Mongo replica-set not reestablished after losing leader
Affects | Status | Importance | Assigned to | Milestone | |
---|---|---|---|---|---|
Canonical Juju |
Won't Fix
|
High
|
Unassigned | ||
2.9 |
Won't Fix
|
High
|
Ian Booth | ||
3.1 |
Won't Fix
|
High
|
Unassigned | ||
3.2 |
Won't Fix
|
High
|
Unassigned |
Bug Description
Using Juju 3.2, I established HA, then removed machine 0, which was leader for both MongoDB and Dqlite.
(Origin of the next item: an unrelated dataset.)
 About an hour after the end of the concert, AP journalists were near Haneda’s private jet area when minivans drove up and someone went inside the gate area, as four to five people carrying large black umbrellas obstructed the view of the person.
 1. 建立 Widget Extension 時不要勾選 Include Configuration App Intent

I then re-ran enable-ha. Status took a very long time to quiesce, and eventually Dqlite settled its cluster:
- ID: 3297041220608546238
Address: 10.246.27.193:17666
Role: 2
- ID: 114623700027091
Address: 10.246.27.31:17666
Role: 0
- ID: 179389882111230348
Address: 10.246.27.194:17666
Role: 0
- ID: 160760743712558
Address: 10.246.27.27:17666
Role: 0
As expected, the original node is marked as a stand-by. 3 healthy nodes are all voters.
But Mongo can not update its replica-set.
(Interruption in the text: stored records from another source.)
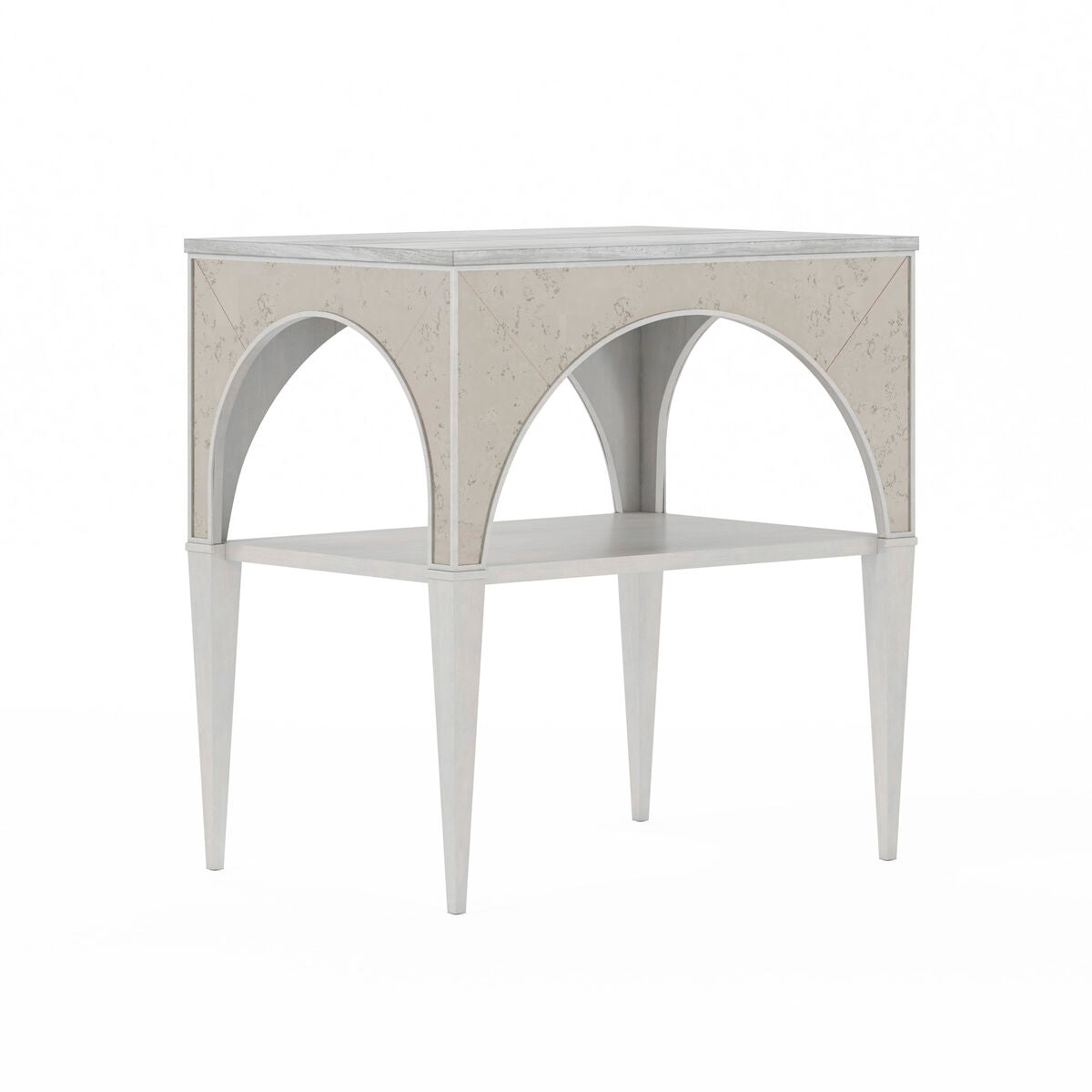 This petite night table combines the elegance and grace of the arches of Paris with the glamorous elements of antiqued mirror and a luxurious stone top. A light, open frame finished in dove gray makes this architecturally inspired bedside piece feel airy rather than solid, and a fixed lower shelf offers just enough space for books, baskets, or any other necessities.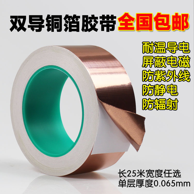 Double-conductive copper foil tape Double-sided conductive tape Pure copper self-adhesive tape Conductive tape shielding tape 20 meters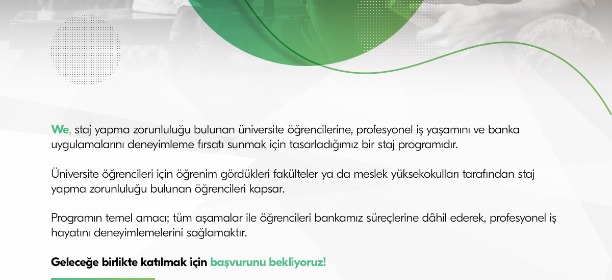 We, Staj yapma zorunluluğu bulunan üniversite öğrencilerine, profesyonel iş yaşamını ve banka uygulamalarını deneyimleme fırsatı sunmak için tasarladığımız bir staj programıdır.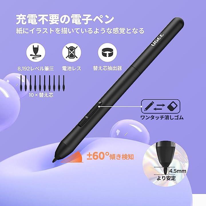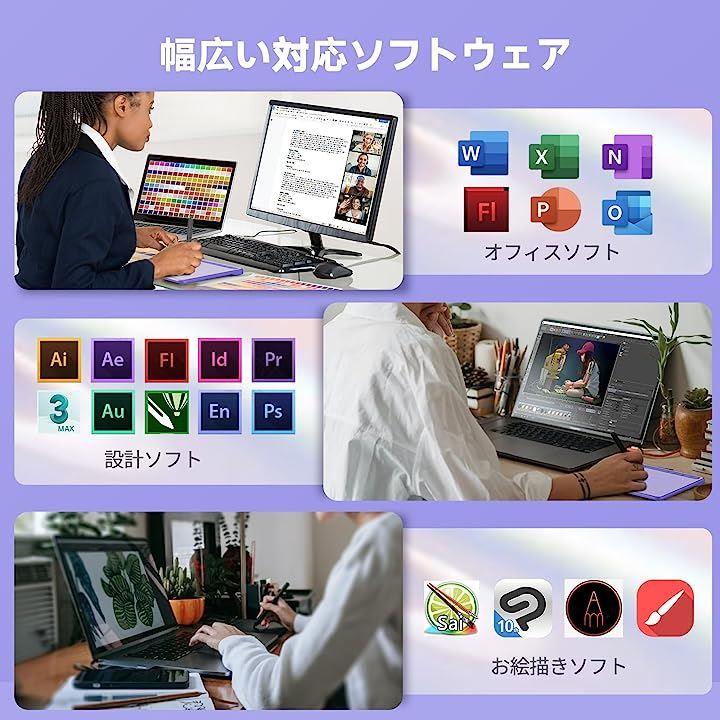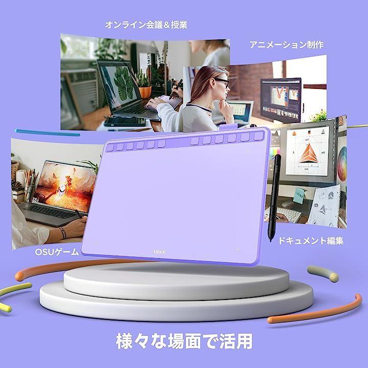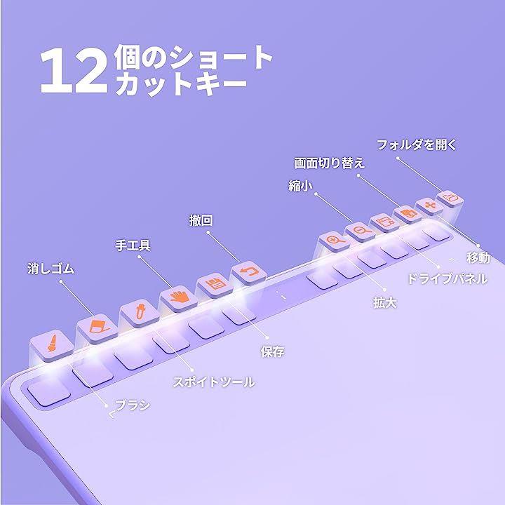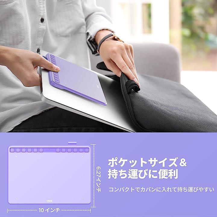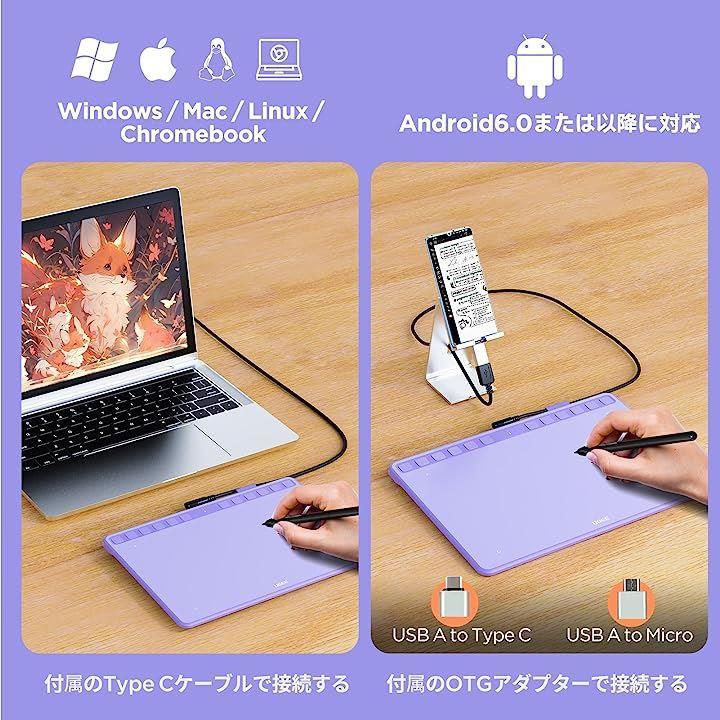 互換品ペンタブ S1060PP ペンタブレット 板タブ ショートカットキー12個 8192レベル筆圧 60°傾き検知 イラスト OSUゲーム お絵描き OTGアダプター付き パープル

Controllers show repeated attempts to contact the old leader:
https:/
Having gone down to 1 voter, machine 1 can not update the replica-set, because it can't get a quorum:
https:/
Machine 3 (the one added by reestablishing HA): Keeps removing the vote from 2 after the desired peer group is calculated in order to maintain an odd voter group
The peer-grouper runs successfully, but it is a different replica set:
https:/
rs.status() on machine 1 and 2 are the same:
https:/
I can't connect to Mongo on 3:
https:/
Status says we're all healthy:
https:/
So it appears that machine 3 has a Mongo segmented from the rest with no way to get back.
description: | updated |
description: | updated |
Changed in juju: | |
status: | New → Triaged |
importance: | Undecided → High |
summary: |
- Mongo replica-set not reestablished after looding leader + Mongo replica-set not reestablished after losing leader |
Joe and I dug into this for a bit today. It looks like what is happening is that we start with HA 3, and machine-0,-1,-2 are all happily in the replicaset.
However, when we 'juju remove-machine 0', it goes into dying, and then the replicaset notices that it wants to remove machine 0, so it kicks off the process to have machine 0 lose its primary status (which it does, and in this case it moved to 1).
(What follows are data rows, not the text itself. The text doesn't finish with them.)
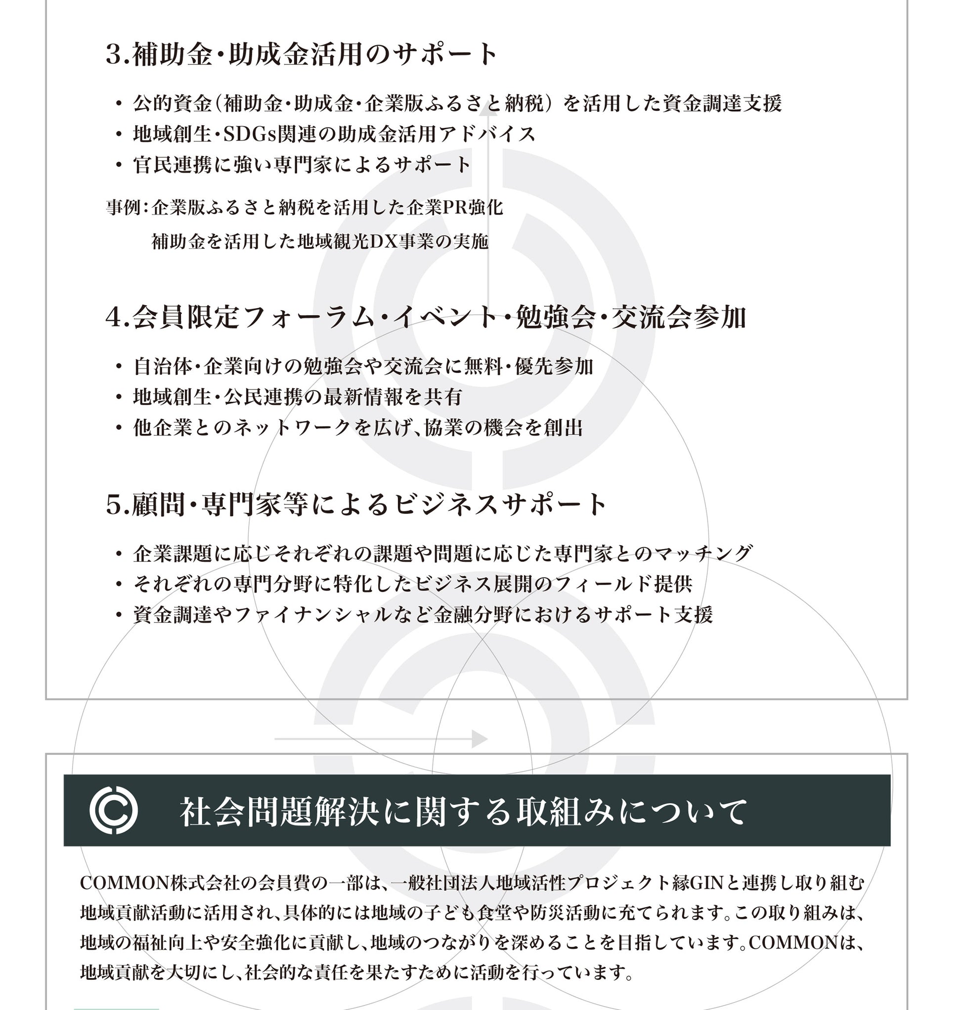 株式会社COMMONが運営するプラットフォームでは会員様のお役に立てるよう、環境作りをして参りたいと存じます。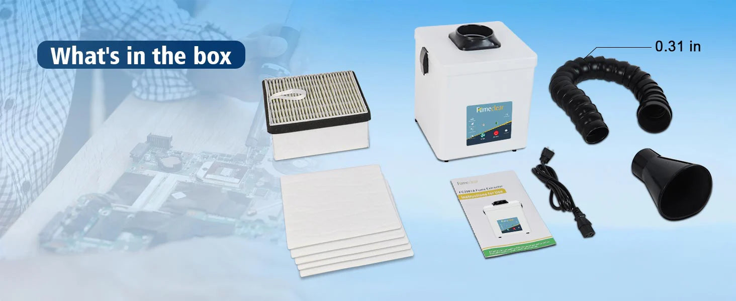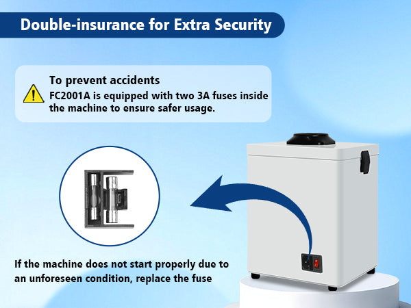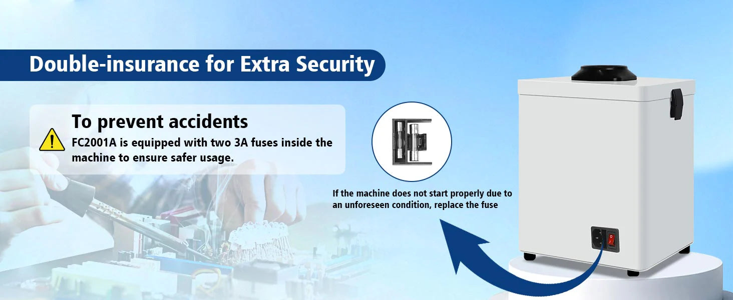 FumeClear FC-2001A solder smoke eater has a maximum CADR up to 120m³/h and supports 3-speed adjustment. It comes with two 3A fuses inside, which not only enhance safety but also offer convenience in case of rare unforeseen circumstances. These fuses are designed for easy replacement if needed, providing an added layer of confidence in the product's reliability and ease of maintenance.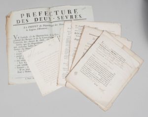Petite affiche de la préfecture des Deux-Sèvres relative la conscription (Niort, 19 oct. 1808), imprimé de 12 pp. « années 1791 / Dernier trimestre / Département des Deux Sèvres / Liste des deux cens Citoyens désignés pour servir dans le juré de jugement pendant les mois d'Octobre, novembre et décembre » document accompagné de l'assignation de l'un des jurés, 5 imprimés révolutionnaires imprimés à Niort (recueil des actes de la préfecture, recueil d'instruction pour les maires). Lettre de l'ancien préfet des Deux-Sèvres (écrite en son nom) qui après sa destitution puis sa réintégration propose à M. de Laubier (à Melle) de le seconder dans ses nouvelles fonctions.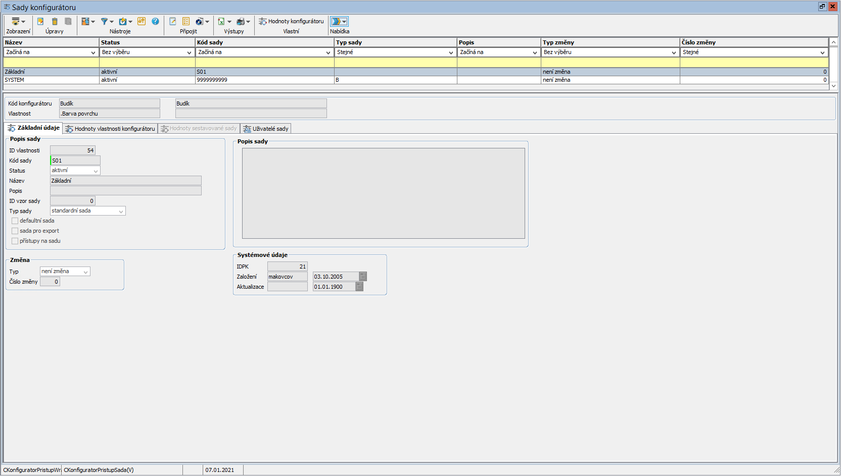 Jestliže se k některé vlastnosti dodatečně doplní sada nebo k sadě hodnota je nutné provést toto doplnění i v konfigurátoru. Doplnění je možné provést u vlastnosti konfigurátoru funkcemi přidání sady nebo doplnění hodnot. Přidat lze jedině sady (nebo hodnoty), které jsou pro konkrétní vlastnost založeny.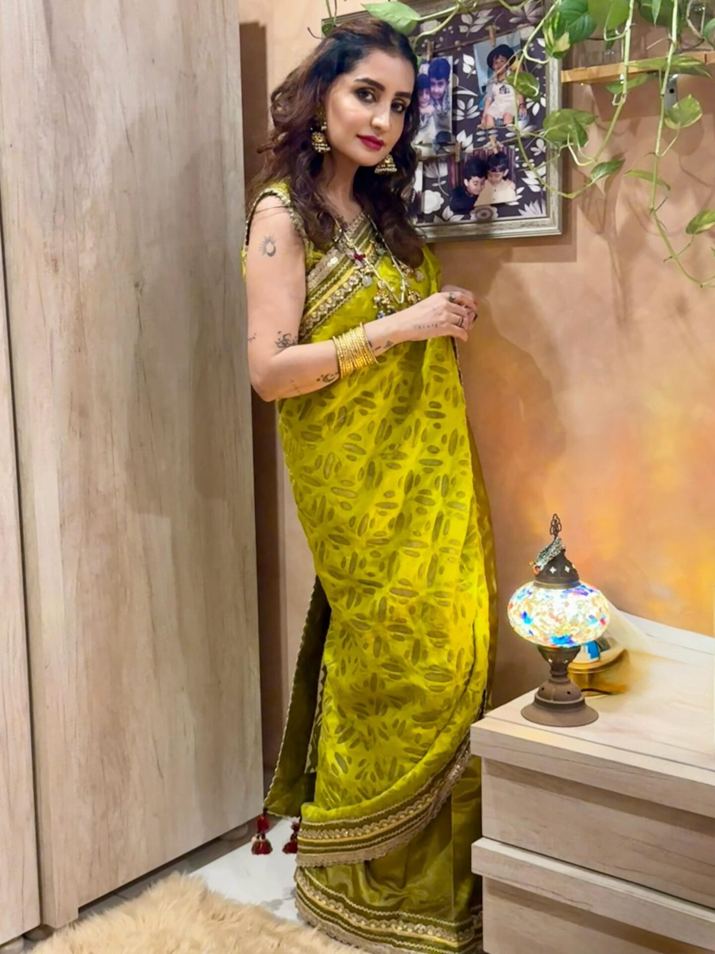 A rich Dhani green canvas brought alive with handmade and handcrafted Rilli work. This saree blends the freshness of nature with timeless artisanal detailing, making it a true heritage piece.

At which point, we notice that we can remove machine 0 safely, and that ultimately we want to go to HA 2, where we have only 1 voter, and another non-voter backup.
So we end up going from:
{
0: true,
1: true,
2: true,
}
to
{
1: true,
2: false,
}
However, Mongo refuses that change, because you are changing 2 voters simultaneously (machine 0 is going from voting to non-voting and removed, and machine-2 is going to non-voting.)
If we logged into the mongo shell, and directly changed only machine-0 so that it was no longer in the replicaset, the rest of the peergrouper worker kicked off and we ended up in the stable desired target. (To prove this, I suppose we could try the opposite and only downgrade machine-2 to non-voting and see if the peergrouper successfully removes machine-0).
I think the logic that we have to 'only do one change at a time' is missing something about handling removals.
The other piece is that when we tried to issue the request for removal and downgrade directly on the mongodb commandline, we got an error from mongo. For whatever reason, the peergrouper is not reporting an error in the logs. So somehow we are suppressing the error.
It may be that we are using 'force' and mongo isn't erroring, but also isn't respecting our request. Or some code path where we fail to notice the response from mongo.